§ ABOUT THIS EXERCISE
Leave every picture behind and copy the rest of the entries below exactly.

——

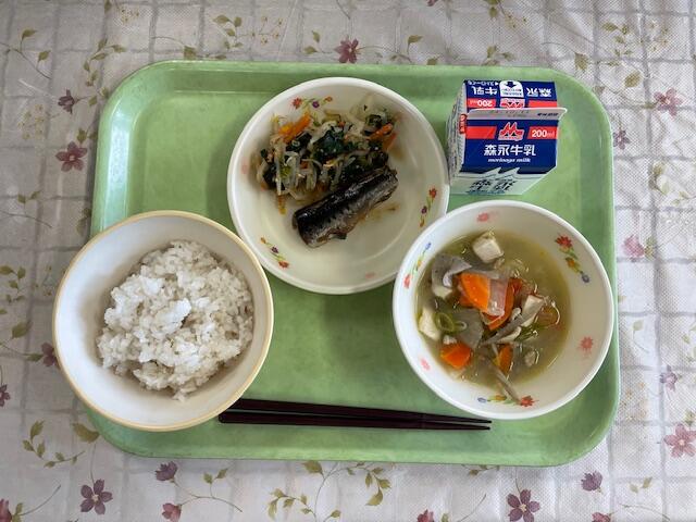 麦ごはん、さつま汁、ほうれん草のごまあえ、いわしの生姜煮
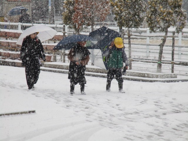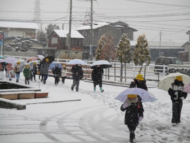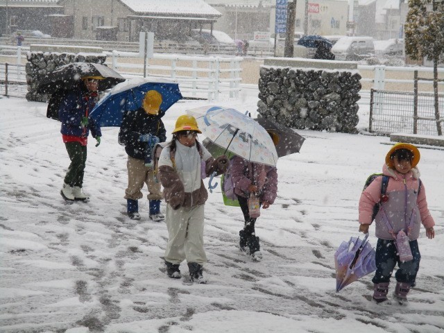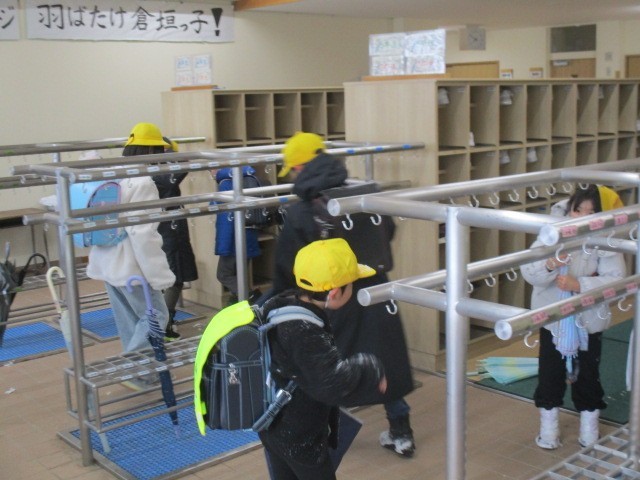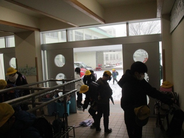 今朝の児童玄関の様子です。雪です。スキー場に雪が積もるのはうれしいですが、あまり降り続くのも…。明日、スキー学習ができますように…。子供たちが元気に登校してきました。
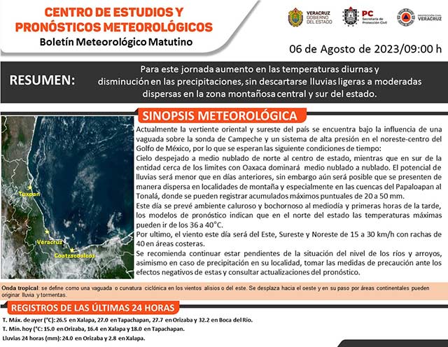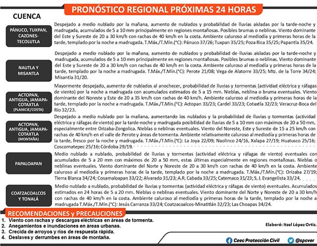 En las próximas 24 horas se prevé disminuya el potencial para lluvias y tormentas (actividad eléctrica y ráfagas de viento) en el estado de Veracruz, con los acumulados más altos sobre regiones montañosas y cuencas del sur, situación ocasionada en gran medida por una vaguada establecida en el suroeste del Golfo de México. El ambiente al mediodía y primeras horas de la tarde continuará relativamente caluroso en zonas altas y caluroso y bochornoso en el resto de la entidad. Se espera viento dominante en la costa del Sureste, Este y Noreste de 20 a 30 km/h con algunas rachas de 40 km/h. *Independientemente de la disminución de lluvias, se recomienda continuar al pendiente ante posibles derrumbes, deslaves o deslizamientos, encharcamientos o inundaciones en centros urbanos, vigilar ríos y arroyos de respuesta rápida y lenta, así como seguir las indicaciones de las autoridades municipales de protección civil*.
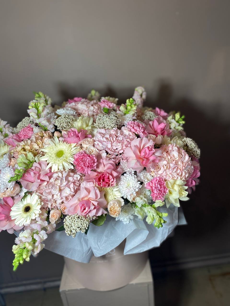 Гортензии формируют пышную базу, сквозь которую проступают бутоны роз и эустомы. Антиринум вытягивает силуэт вверх, а эвкалипт смягчает переходы между ярусами.
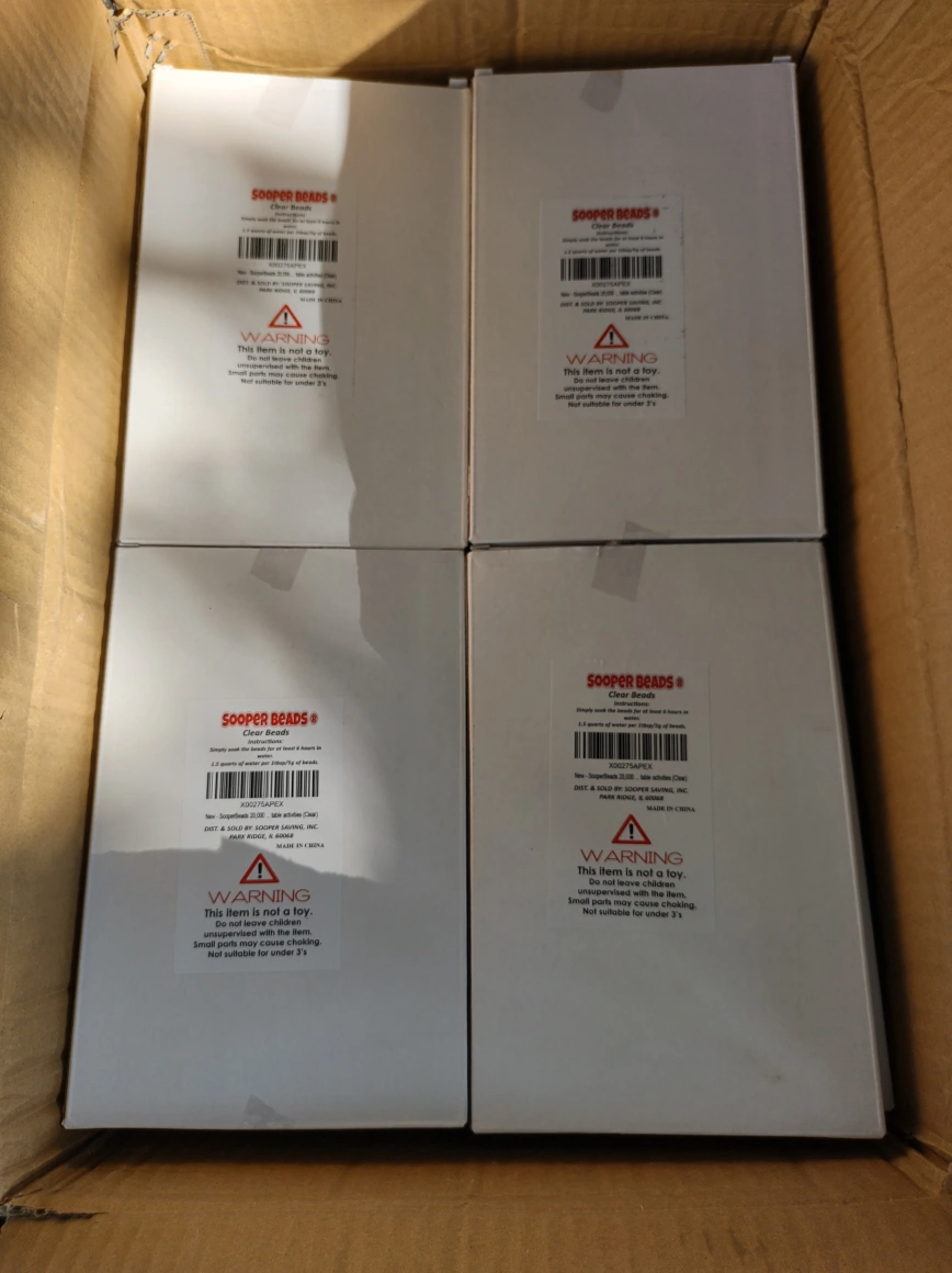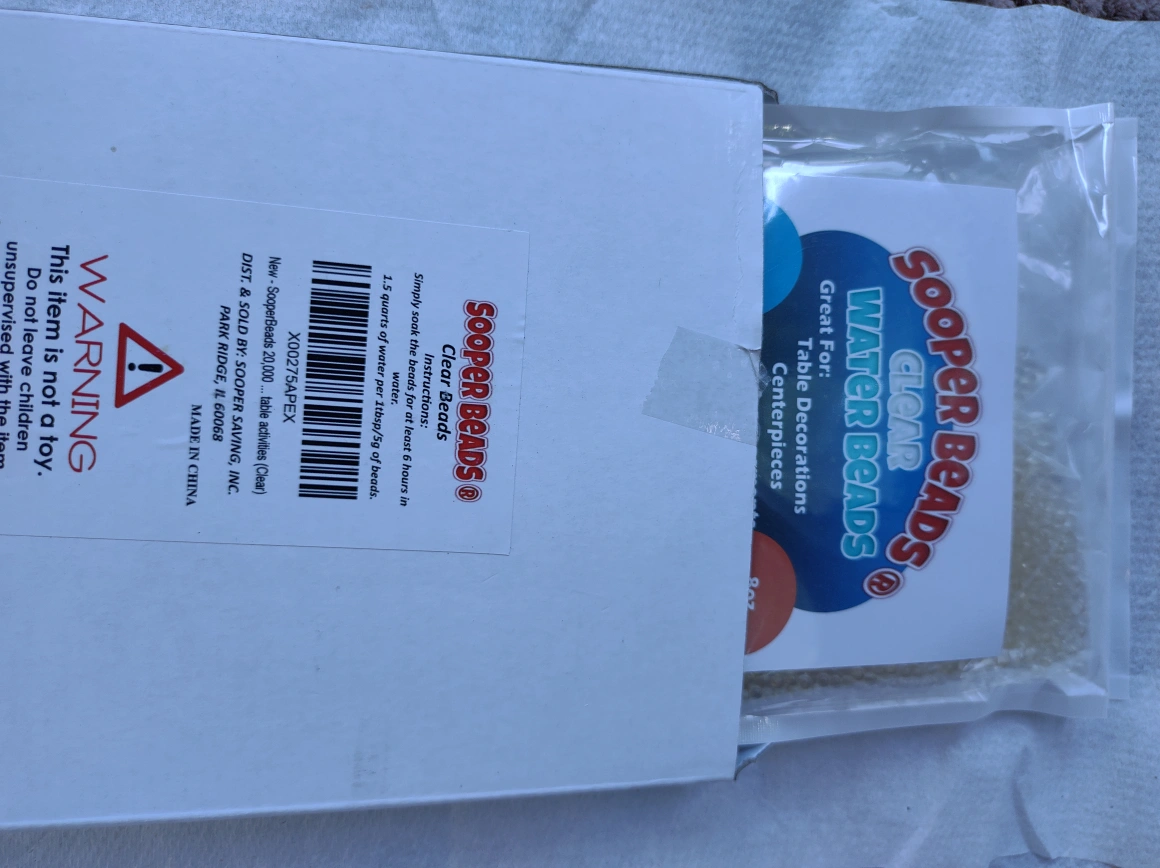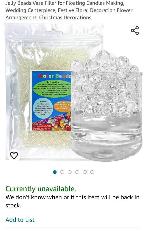 44Non-toxic, eco-friendly, reusable. Great for table decorations, centerpieces, floral arrangements, watering plants. Jelly beads vase filler for floating candles making, wedding centerpieces, festive floral decoration flower arrangement, decorations. each box is 20,000 beads. $3 each if you take all I can do $2 each.

——

§ RESPONSE TO THE EXERCISE
 麦ごはん、さつま汁、ほうれん草のごまあえ、いわしの生姜煮
 今朝の児童玄関の様子です。雪です。スキー場に雪が積もるのはうれしいですが、あまり降り続くのも…。明日、スキー学習ができますように…。子供たちが元気に登校してきました。
 En las próximas 24 horas se prevé disminuya el potencial para lluvias y tormentas (actividad eléctrica y ráfagas de viento) en el estado de Veracruz, con los acumulados más altos sobre regiones montañosas y cuencas del sur, situación ocasionada en gran medida por una vaguada establecida en el suroeste del Golfo de México. El ambiente al mediodía y primeras horas de la tarde continuará relativamente caluroso en zonas altas y caluroso y bochornoso en el resto de la entidad. Se espera viento dominante en la costa del Sureste, Este y Noreste de 20 a 30 km/h con algunas rachas de 40 km/h. *Independientemente de la disminución de lluvias, se recomienda continuar al pendiente ante posibles derrumbes, deslaves o deslizamientos, encharcamientos o inundaciones en centros urbanos, vigilar ríos y arroyos de respuesta rápida y lenta, así como seguir las indicaciones de las autoridades municipales de protección civil*.
 Гортензии формируют пышную базу, сквозь которую проступают бутоны роз и эустомы. Антиринум вытягивает силуэт вверх, а эвкалипт смягчает переходы между ярусами.
 44Non-toxic, eco-friendly, reusable. Great for table decorations, centerpieces, floral arrangements, watering plants. Jelly beads vase filler for floating candles making, wedding centerpieces, festive floral decoration flower arrangement, decorations. each box is 20,000 beads. $3 each if you take all I can do $2 each.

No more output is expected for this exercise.